The Lok Sabha results indicate that Mee Mumbaikar and Shiv Shakti-Bhim Shakti (appeasement programme for Dalits) failed to secure votes in large numbers.
In this context, the central alliance entered into by the Congress with the BSP, SP, RPI, CPI and the NCP is crucial for Maharashtra. If replicated in the state, it will erode a substantial base of the saffron combine. The LS polls also proved that the BSP is a force to be reckoned with in Maharashtra; it made significant dents in traditional Congress pockets.
However Uddhav insists, ‘‘We will once again establish our supremacy.’’ Power by remote control is a Thackeray tradition here. But Sena men hastily explain it’s wrong to draw parallels between the flow of power from Matoshree and 10 Janpath. Balasaheb himself has never contested an election.
When news of Sonia’s step-down travelled to the NCP in Mumbai, they breathed a collective sigh of relief. They can now close doors on a sticky issue that has stalked the party since 1999 when Pawar broke away from the Congress on the issue of Sonia’s foreign origin.

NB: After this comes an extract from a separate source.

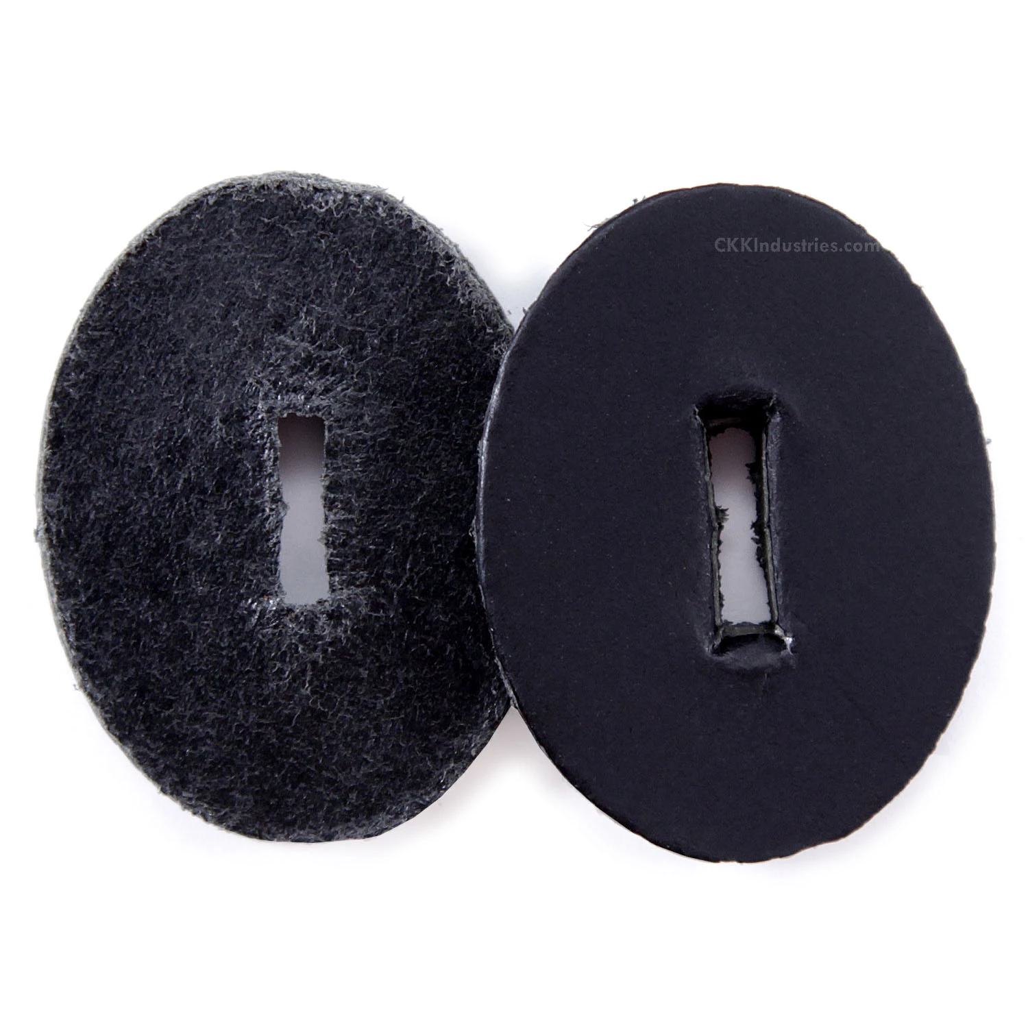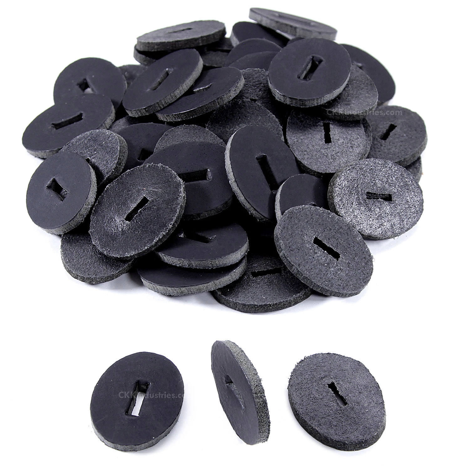 These are 1.30 x 1.00 x .125 inch leather handle washers. They are commonly used for creating custom handles on hidden tang knives. The inner opening is 0.40 x 0.120 inches and is designed for sliding over the tang of a knife. Once they are stacked, they can then be compressed into a uniform handle shape. After stacking and tightening, they can be sanded into the final handle configuration. These are high quality leather parts that are punched out of top-grain Water Buffalo leather in our USA facility. Once finished, they create excellent handles for knives and tools, and feature high-griping, durable surfaces. This style of handle treatment has been used throughout history and is still one of the best performing ever developed. They are noted for creating one of the most comfortable handle treatments available. This type of knife handle is also quite simple to construct, and will last a lifetime.

The state BJP openly speculates that the NCP has ceased to exist. ‘‘Since Sonia as PM is a non-issue now, Pawar will join the Congress,’’ speculates BJP’s state spokesman and general secretary Vinod Tawde. However other analysts don’t consider it an immediate possibility. ‘‘Pawar will lose his bargaining power the moment he merges his party with Congress,’’ points out Nikhil Wagle, editor of Marathi eveninger Maha- nagar, who believes that the Sonia impact may be a lifeline for chief minister Sushil Kumar Shinde’s government to bounce back.